You can use these models:
1. v1-5-pruned-emaonly-fp16.safetensors
3. Anything V5
Please download the image below and drag the image into the ComfyUI interface, or use the menu Workflows -> Open Open this image to load the corresponding workflow
You can also select Text to Image from the menu Workflows -> Browse example workflows
After completing the installation of the corresponding drawing model, please refer to the steps below to load the corresponding model and perform the first image generation
Please correspond to the picture number and complete the following operations
1. Please use arrows in the Load Checkpoint node or click on the text area to ensure that v1-5-pruned-emaonly-fp16.safetensors is selected, and the left and right switching arrows will not show null text.

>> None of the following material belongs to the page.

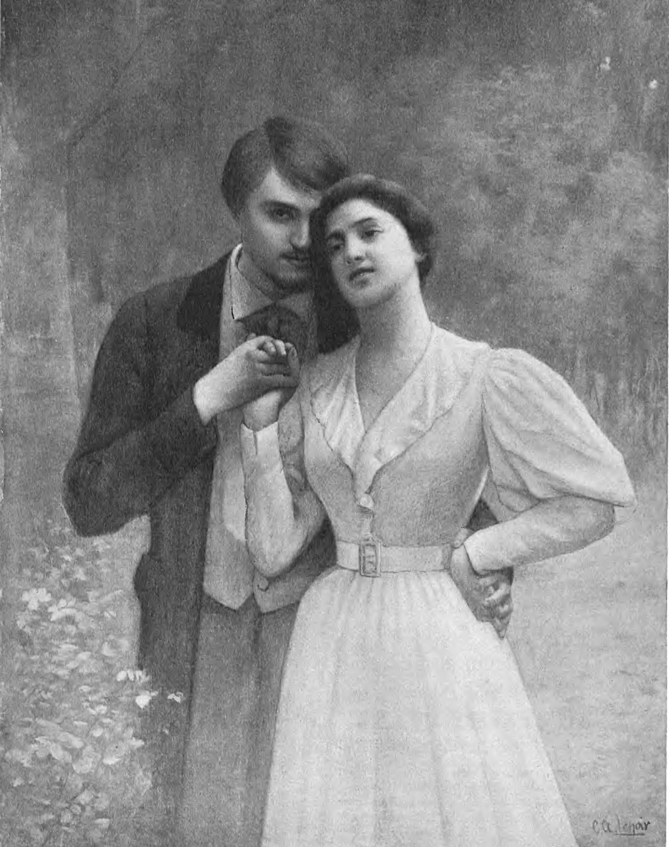Po zaręczynach panna daje narzeczonemu drobną pamiątkę: pierścionek lub medaljon zawierający jej włosy lub fotografję.
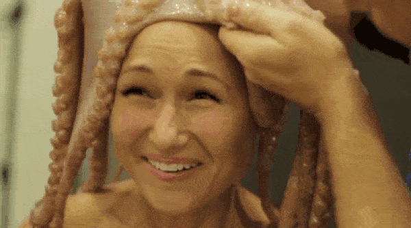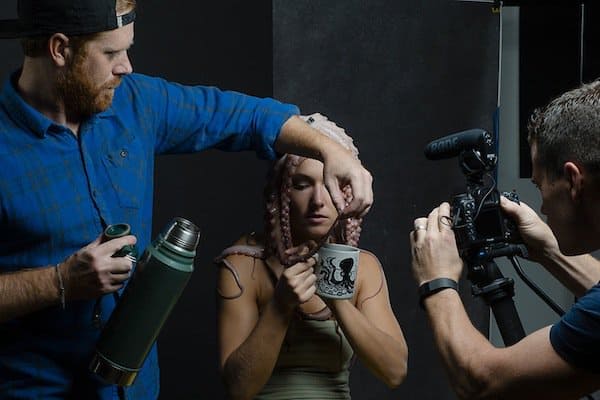 Behind the scenes with an octopus on her head, poor lady!

2. Click the Queue button, or use the shortcut key Ctrl + Enter to perform image generation
After waiting for the corresponding process to be executed, you should be able to see the corresponding image results in the Save Image node of the interface. You can right-click to save it to the local area.
You can try to modify the text at CLIP Text Encoder
Where the Positive connected to the KSampler node is a positive prompt word, and the Negative connected to the KSampler node is a negative prompt word
Here are some simple prompt word principles for the SD1.5 model
Try to use English
Use English commas to separate the prompt words
Try to use phrases rather than long sentences
Use more specific description
You can use expressions like (golden hour:1.2) to increase the weight of a specific keyword, so that it will appear in the picture with a higher probability. 1.2 is the weight and golden hour is the keyword.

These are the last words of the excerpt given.